The most important issues in CH treatment are early initiation of therapy and avoidance of over-treatment. For that purpose, frequent monitoring and L-T4 dose adaptation and correct interpretation of the fT4 and TSH concentrations are needed. It is recommended to start with a low L-T4 dose, taking the estimated minimal initial fT4 deficit into account ( Table 4 ), thus minimizing the risk of over-treatment, i.e., an fT4 concentration > 2 SDS, and to take a first follow-up sample at day 3 or 4. L-T4 dosage can then be decreased, when increase of the initial fT4 concentration is such that for the next days a rise to above 30 pmol/l can be foreseen. We advise to collect follow-up samples in the period 10–60 d at 10–14 d intervals. Once fT4 has stabilized, fT4 SSC can be estimated, also when TSH is still elevated, providing a target value to aim at (7). With five samples, mean fT4 SSC can be estimated with 95% CI at a precision level of 90% (7). In further follow-up, when more fT4 determinations, valid for the assessment of the fT4 SSC, i.e., within TSH interval 0.5–10 mUI/l, become available, the individual fT4 SSC range can be established. Such range is crucial for the signaling of over and under-treatment. A correct assessment of the thyroid status by fT4 is in CH even more important than in healthy subjects, because TSH in CH is less predictable (6,7) ( Figure 1 ) and thus less informative about the thyroid status than in the normal situation. TSH SSC’s are less well defined, with a larger variation around the individual mean SSC ( Table 5 ), and signal overtreatment less well than fT4 SSC’s. Therefore, fT4 should be the most important factor in guiding decisions on sample evaluation and therapy, more important than TSH. Two-thirds of our CH patients had a TSH SSC above the normal range, i.e., > 2.5 mUI/l (7). This means that for the majority of them the lower limit of TSH will be above 0.05 mUI/l, the lower limit indicated in the ESPE guidelines (1). We therefore recommend keeping TSH in the upper half of the TSH SSC range (3.3–5.9 mUI/l), in order to avoid over-treatment.

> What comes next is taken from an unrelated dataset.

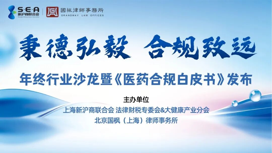 2026年1月28日, “秉德弘毅,合规致远”年终行业沙龙暨《医药合规白皮书》发布 活动在国枫律师事务所上海办公室成功举办。本次活动由 国枫律师事务所 与 上海新沪商联合会 联合主办, 国枫医药健康行业研究委员会、国枫 合规业务组共同承办。 活动汇聚了原监管部门领导、行业专家、企业家、投资机构及法律同仁,各方共同见证白皮书发布,并围绕医药健康产业在强监管时代的合规治理与创新路径展开深度交流。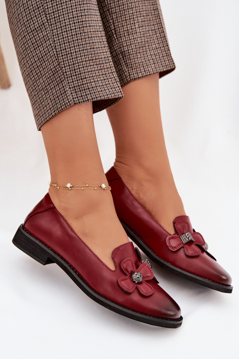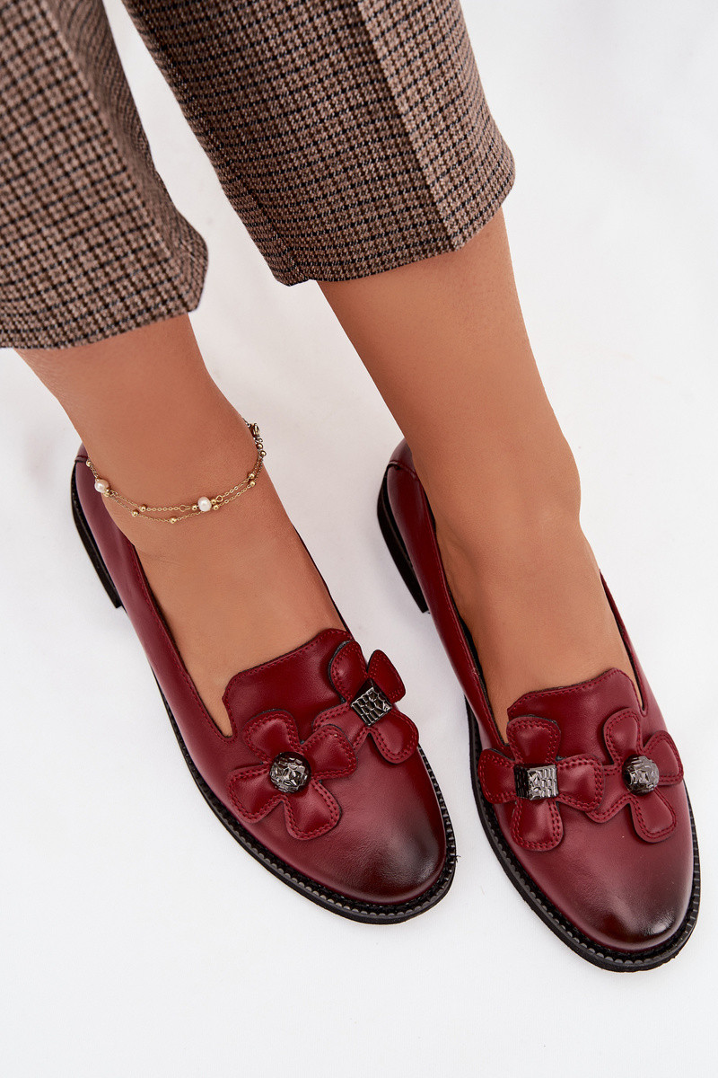 Dámske topánky s širokými podpätkami a kvetinovými motívmi bordovej farby Tavillette

A drawback of our study is that fT4 measurements were performed in 27 different laboratories. The adult reference ranges of the laboratories varied, but the differences were so small that we accepted these differences. Furthermore, the fT4 values of the patients, with a few exceptions determined in their own local laboratory throughout the study, were expressed as SDS value of the individual SSC’s, making them independent of the used fT4 determination method. Therefore, the various fT4 determination methods did not change the eventual conclusions. Another drawback of our study is its limited sample size in a cohort with various different treatment schedules, resulting in small treatment groups. The diversity of treatment methods, however, allowed a comparison between the effect of low and high treatment on eventual cognitive outcome at age 11, which would not have been possible in a cohort with a single treatment protocol. A future cohort study with more CH patients, treated with different protocols and repeatedly psychologically tested until adulthood, might reveal the most optimal treatment protocol. The feasibility of such study, however, is uncertain in view of ethical issues.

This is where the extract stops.